=== RECORD EXTRACTS ===
##########

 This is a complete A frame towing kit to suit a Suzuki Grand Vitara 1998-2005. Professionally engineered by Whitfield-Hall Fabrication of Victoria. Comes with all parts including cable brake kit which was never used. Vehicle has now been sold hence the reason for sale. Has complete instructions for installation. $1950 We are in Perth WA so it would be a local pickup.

##########

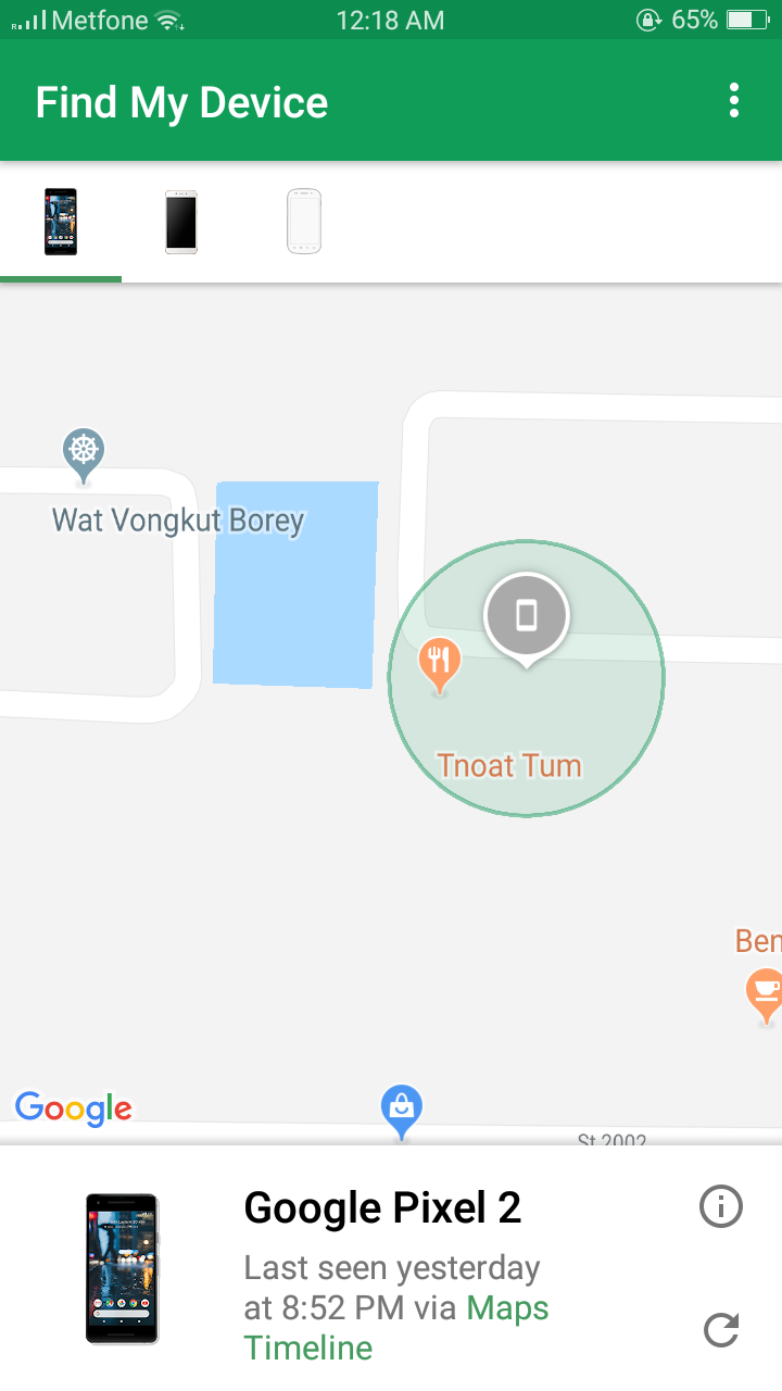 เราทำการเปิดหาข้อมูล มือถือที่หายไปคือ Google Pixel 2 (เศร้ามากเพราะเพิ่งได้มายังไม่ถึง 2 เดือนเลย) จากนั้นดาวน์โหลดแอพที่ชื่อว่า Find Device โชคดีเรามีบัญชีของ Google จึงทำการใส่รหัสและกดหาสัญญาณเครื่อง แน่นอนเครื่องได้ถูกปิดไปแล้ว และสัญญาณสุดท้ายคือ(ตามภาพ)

##########

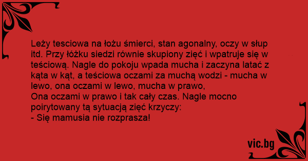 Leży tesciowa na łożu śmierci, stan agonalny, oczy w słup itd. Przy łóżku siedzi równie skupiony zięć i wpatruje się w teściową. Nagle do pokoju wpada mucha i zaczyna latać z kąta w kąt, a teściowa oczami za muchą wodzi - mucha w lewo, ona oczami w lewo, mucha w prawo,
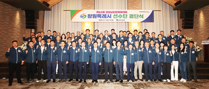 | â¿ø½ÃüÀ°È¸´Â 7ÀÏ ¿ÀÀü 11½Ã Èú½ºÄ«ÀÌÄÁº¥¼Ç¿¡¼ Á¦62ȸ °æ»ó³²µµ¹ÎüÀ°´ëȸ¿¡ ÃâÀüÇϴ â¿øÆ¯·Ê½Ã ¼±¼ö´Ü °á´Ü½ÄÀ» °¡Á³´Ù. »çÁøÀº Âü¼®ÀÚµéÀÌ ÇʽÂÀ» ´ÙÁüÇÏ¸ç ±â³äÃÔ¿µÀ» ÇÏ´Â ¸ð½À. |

##########

Return exactly the lines above, from the one with "Leży tesciowa na" up to and including the one with "ÇÏ´Â ¸ð½À. |", and include no pictures.

=== EXPECTED ANSWER ===
 Leży tesciowa na łożu śmierci, stan agonalny, oczy w słup itd. Przy łóżku siedzi równie skupiony zięć i wpatruje się w teściową. Nagle do pokoju wpada mucha i zaczyna latać z kąta w kąt, a teściowa oczami za muchą wodzi - mucha w lewo, ona oczami w lewo, mucha w prawo,
 | â¿ø½ÃüÀ°È¸´Â 7ÀÏ ¿ÀÀü 11½Ã Èú½ºÄ«ÀÌÄÁº¥¼Ç¿¡¼ Á¦62ȸ °æ»ó³²µµ¹ÎüÀ°´ëȸ¿¡ ÃâÀüÇϴ â¿øÆ¯·Ê½Ã ¼±¼ö´Ü °á´Ü½ÄÀ» °¡Á³´Ù. »çÁøÀº Âü¼®ÀÚµéÀÌ ÇʽÂÀ» ´ÙÁüÇÏ¸ç ±â³äÃÔ¿µÀ» ÇÏ´Â ¸ð½À. |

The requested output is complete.